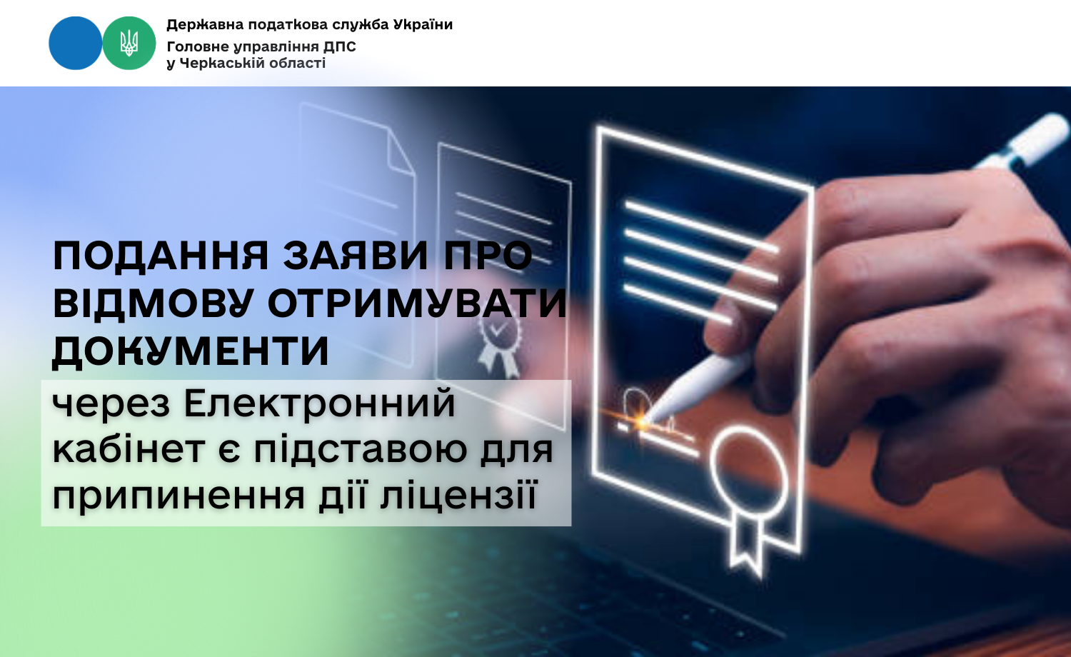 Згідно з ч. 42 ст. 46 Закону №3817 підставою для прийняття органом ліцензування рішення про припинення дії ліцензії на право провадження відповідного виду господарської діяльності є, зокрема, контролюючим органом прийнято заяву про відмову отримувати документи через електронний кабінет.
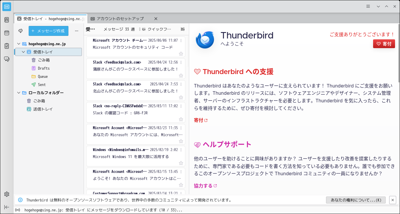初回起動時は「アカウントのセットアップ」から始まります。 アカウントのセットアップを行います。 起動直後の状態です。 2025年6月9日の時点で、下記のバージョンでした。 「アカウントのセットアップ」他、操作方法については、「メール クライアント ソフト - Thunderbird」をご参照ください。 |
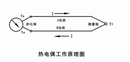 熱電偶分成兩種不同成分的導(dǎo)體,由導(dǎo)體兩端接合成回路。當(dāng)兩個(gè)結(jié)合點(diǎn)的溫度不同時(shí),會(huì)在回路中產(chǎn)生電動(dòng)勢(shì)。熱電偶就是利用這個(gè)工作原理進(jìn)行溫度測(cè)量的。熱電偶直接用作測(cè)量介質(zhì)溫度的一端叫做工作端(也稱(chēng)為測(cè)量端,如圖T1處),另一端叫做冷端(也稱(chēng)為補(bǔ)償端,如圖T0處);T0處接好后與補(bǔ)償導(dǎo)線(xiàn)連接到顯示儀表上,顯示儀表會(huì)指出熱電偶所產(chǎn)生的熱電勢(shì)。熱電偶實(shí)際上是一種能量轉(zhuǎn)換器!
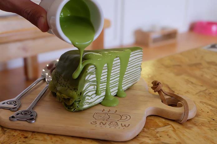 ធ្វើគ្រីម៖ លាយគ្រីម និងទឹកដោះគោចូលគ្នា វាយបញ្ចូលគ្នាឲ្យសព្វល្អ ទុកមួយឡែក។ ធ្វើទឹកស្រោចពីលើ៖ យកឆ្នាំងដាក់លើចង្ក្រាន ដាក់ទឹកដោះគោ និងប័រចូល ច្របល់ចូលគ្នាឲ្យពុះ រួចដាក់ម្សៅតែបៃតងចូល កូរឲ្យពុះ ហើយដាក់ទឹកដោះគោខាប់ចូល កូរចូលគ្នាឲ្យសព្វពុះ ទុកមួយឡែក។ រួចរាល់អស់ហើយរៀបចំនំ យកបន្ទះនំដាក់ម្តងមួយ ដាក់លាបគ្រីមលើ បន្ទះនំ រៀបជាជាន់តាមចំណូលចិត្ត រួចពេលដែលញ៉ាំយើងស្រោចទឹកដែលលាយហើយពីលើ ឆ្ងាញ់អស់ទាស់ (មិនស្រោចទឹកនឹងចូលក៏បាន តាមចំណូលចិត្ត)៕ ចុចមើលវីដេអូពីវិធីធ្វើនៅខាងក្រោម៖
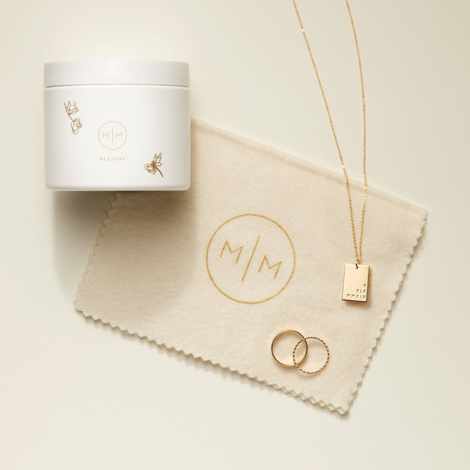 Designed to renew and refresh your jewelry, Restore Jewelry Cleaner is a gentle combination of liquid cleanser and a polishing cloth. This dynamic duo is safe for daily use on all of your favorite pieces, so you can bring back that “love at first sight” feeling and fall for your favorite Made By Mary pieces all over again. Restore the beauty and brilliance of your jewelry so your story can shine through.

### Task objective
The listing above should be repeated word for word, pictures removed.

### Expected answer
 Згідно з ч. 42 ст. 46 Закону №3817 підставою для прийняття органом ліцензування рішення про припинення дії ліцензії на право провадження відповідного виду господарської діяльності є, зокрема, контролюючим органом прийнято заяву про відмову отримувати документи через електронний кабінет.
初回起動時は「アカウントのセットアップ」から始まります。 アカウントのセットアップを行います。 起動直後の状態です。 2025年6月9日の時点で、下記のバージョンでした。 「アカウントのセットアップ」他、操作方法については、「メール クライアント ソフト - Thunderbird」をご参照ください。 |
 熱電偶分成兩種不同成分的導(dǎo)體,由導(dǎo)體兩端接合成回路。當(dāng)兩個(gè)結(jié)合點(diǎn)的溫度不同時(shí),會(huì)在回路中產(chǎn)生電動(dòng)勢(shì)。熱電偶就是利用這個(gè)工作原理進(jìn)行溫度測(cè)量的。熱電偶直接用作測(cè)量介質(zhì)溫度的一端叫做工作端(也稱(chēng)為測(cè)量端,如圖T1處),另一端叫做冷端(也稱(chēng)為補(bǔ)償端,如圖T0處);T0處接好后與補(bǔ)償導(dǎo)線(xiàn)連接到顯示儀表上,顯示儀表會(huì)指出熱電偶所產(chǎn)生的熱電勢(shì)。熱電偶實(shí)際上是一種能量轉(zhuǎn)換器!
 ធ្វើគ្រីម៖ លាយគ្រីម និងទឹកដោះគោចូលគ្នា វាយបញ្ចូលគ្នាឲ្យសព្វល្អ ទុកមួយឡែក។ ធ្វើទឹកស្រោចពីលើ៖ យកឆ្នាំងដាក់លើចង្ក្រាន ដាក់ទឹកដោះគោ និងប័រចូល ច្របល់ចូលគ្នាឲ្យពុះ រួចដាក់ម្សៅតែបៃតងចូល កូរឲ្យពុះ ហើយដាក់ទឹកដោះគោខាប់ចូល កូរចូលគ្នាឲ្យសព្វពុះ ទុកមួយឡែក។ រួចរាល់អស់ហើយរៀបចំនំ យកបន្ទះនំដាក់ម្តងមួយ ដាក់លាបគ្រីមលើ បន្ទះនំ រៀបជាជាន់តាមចំណូលចិត្ត រួចពេលដែលញ៉ាំយើងស្រោចទឹកដែលលាយហើយពីលើ ឆ្ងាញ់អស់ទាស់ (មិនស្រោចទឹកនឹងចូលក៏បាន តាមចំណូលចិត្ត)៕ ចុចមើលវីដេអូពីវិធីធ្វើនៅខាងក្រោម៖
 Designed to renew and refresh your jewelry, Restore Jewelry Cleaner is a gentle combination of liquid cleanser and a polishing cloth. This dynamic duo is safe for daily use on all of your favorite pieces, so you can bring back that “love at first sight” feeling and fall for your favorite Made By Mary pieces all over again. Restore the beauty and brilliance of your jewelry so your story can shine through.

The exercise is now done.